= Records from a data collection =
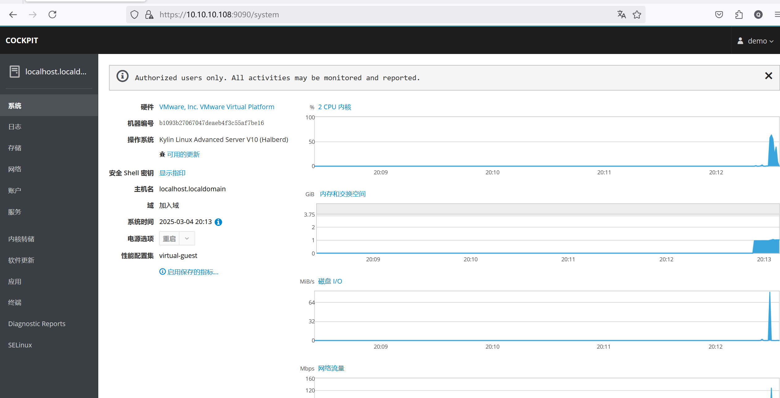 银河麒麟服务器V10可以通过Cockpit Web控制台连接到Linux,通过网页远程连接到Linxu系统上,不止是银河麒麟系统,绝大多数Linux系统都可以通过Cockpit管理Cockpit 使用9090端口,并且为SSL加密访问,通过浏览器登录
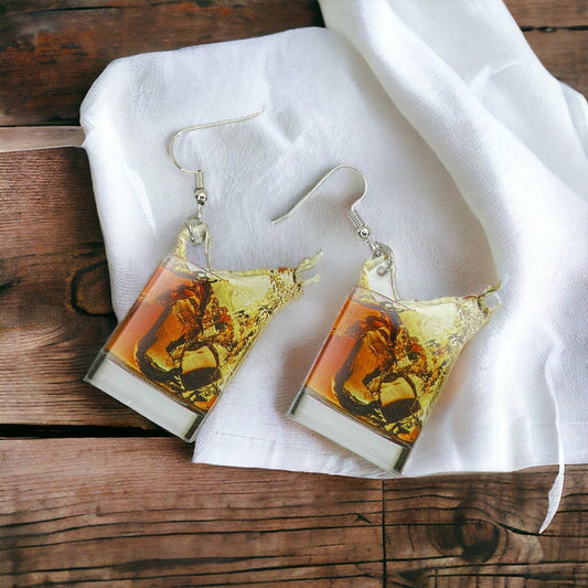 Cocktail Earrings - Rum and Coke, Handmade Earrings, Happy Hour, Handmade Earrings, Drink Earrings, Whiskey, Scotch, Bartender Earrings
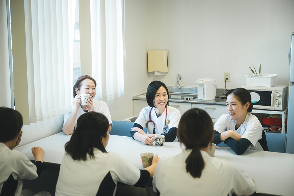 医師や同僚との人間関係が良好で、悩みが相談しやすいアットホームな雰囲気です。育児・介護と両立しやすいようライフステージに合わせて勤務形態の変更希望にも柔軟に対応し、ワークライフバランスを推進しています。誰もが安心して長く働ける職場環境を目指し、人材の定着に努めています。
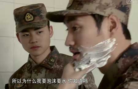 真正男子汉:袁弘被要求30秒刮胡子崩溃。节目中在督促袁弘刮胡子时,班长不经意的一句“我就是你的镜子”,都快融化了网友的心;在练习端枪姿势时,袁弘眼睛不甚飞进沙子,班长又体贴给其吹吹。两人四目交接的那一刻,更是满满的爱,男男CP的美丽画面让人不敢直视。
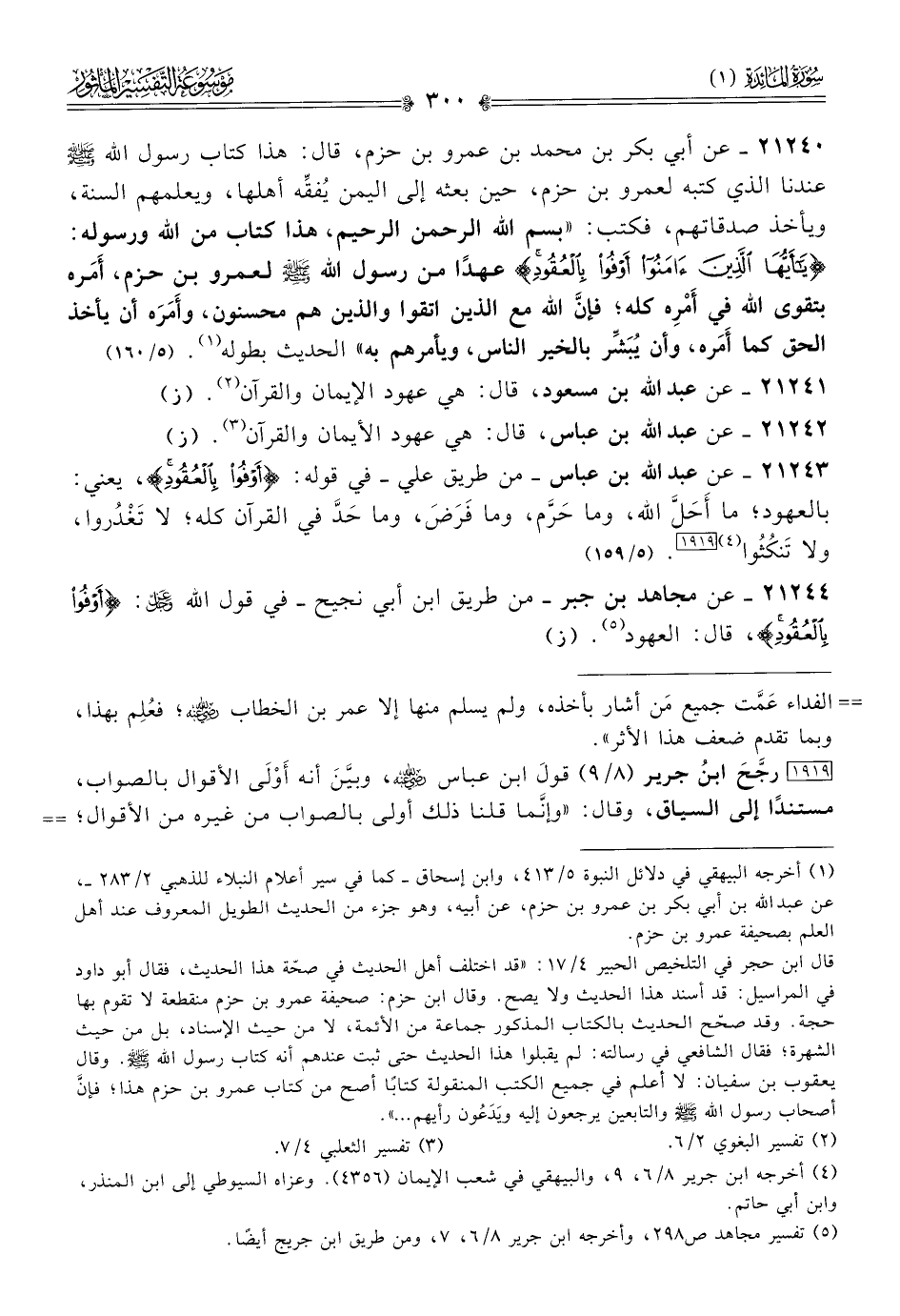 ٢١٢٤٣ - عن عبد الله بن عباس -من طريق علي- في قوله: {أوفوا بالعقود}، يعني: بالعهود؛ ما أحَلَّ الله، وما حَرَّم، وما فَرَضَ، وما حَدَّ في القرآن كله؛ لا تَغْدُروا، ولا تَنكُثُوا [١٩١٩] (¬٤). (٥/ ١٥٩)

= Problem description =
From the line that holds "真正男子汉:袁弘被要求30秒" to the last line of the data, return those lines exactly and nothing else; both ends count, and pictures stay out.

= Solution to the exercise =
 真正男子汉:袁弘被要求30秒刮胡子崩溃。节目中在督促袁弘刮胡子时,班长不经意的一句“我就是你的镜子”,都快融化了网友的心;在练习端枪姿势时,袁弘眼睛不甚飞进沙子,班长又体贴给其吹吹。两人四目交接的那一刻,更是满满的爱,男男CP的美丽画面让人不敢直视。
 ٢١٢٤٣ - عن عبد الله بن عباس -من طريق علي- في قوله: {أوفوا بالعقود}، يعني: بالعهود؛ ما أحَلَّ الله، وما حَرَّم، وما فَرَضَ، وما حَدَّ في القرآن كله؛ لا تَغْدُروا، ولا تَنكُثُوا [١٩١٩] (¬٤). (٥/ ١٥٩)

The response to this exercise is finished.